One word, and it was enough to snap something in Nyte.
He reached behind himself, and I was frantic, unsure of what to watch as it all happened so fast. The shadows answered him, swirling like a starlit void. Familiar. When he pulled back, I swayed at the dagger he now held.
My stormstone dagger.
“Are you going to tell her, or shall I?” Drystan taunted.
Nyte aimed the blade for the prince’s chest, and it didn’t look like he would hesitate to drive it through—
“Nyte!” I called his name, the cold air breezing behind me as I stepped up onto the ledge.
That seized his attention.
I was still trying to process what I’d seen, because I was sure I’d done that before. Been so desperate for my weapon that I’d somehow conjured it.
“What are you doing?”
Nyte’s voice snapped me out of my memory. He advanced for me, but I shuffled back, my heels close to slipping off the edge. He paused. Rage fell to deep concern as he watched my feet and read my expression.
“Astraea, come down. Please.”
“What is he talking about?”
“I’ll explain everything, just—” His jaw locked when he tried to reach for me again and I moved a fraction. Behind him, Drystan chuckled breathily, getting back to his feet.
I watched war wage across Nyte’s face.
“I’m seconds from turning around and killing him.”
My heart skipped a beat. It wasn’t even the prince’s life I cared for most; it was the thought of the regret that would forever plague Nyte if he killed his brother. I didn’t know their history, but something in the way Nyte had winced—if only barley-there—when he hit Drystan… What was pouring out of him now was a century of being wronged, and it was volatile to everyone in his path.
So I took his hand. Watched his face relax and his shoulders loosen when he was able to slip an arm around my waist as if I might change my mind in a split second.
“You’re making a mistake, Astraea.”
I wished I could expel the pang of sympathy I felt at meeting the prince’s final look before shadows stole us away.

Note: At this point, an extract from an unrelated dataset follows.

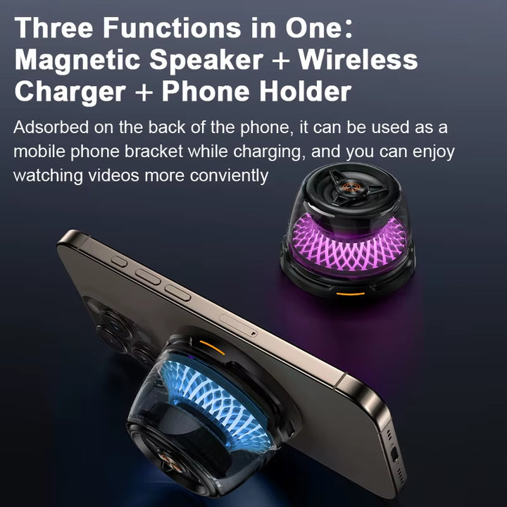 Cargador inalámbrico con fuerte imán Carga rápida de 15 W para teléfono móvil Con luz nocturna colorida Escucha música mientras cargas Versión Bt5.3 |

Nyte placed his hand on my waist, and I followed his line of sight to watch him slide my stormstone dagger into a belt on the dress I hadn’t noticed before. I didn’t have the mind nor the minutes to ask how he’d retrieved it.
“Use it. Even on me if you ever feel the need. The key is volatile even to you right now.” His hand cupped my cheek, a thousand words swirling in his irises, but time was slipping away too fast. “You are safe.”
I met Nyte’s golden gaze and couldn’t be sure why I felt the urgency to kiss him one last time. Like this had all been pretend and our globe was about to shatter.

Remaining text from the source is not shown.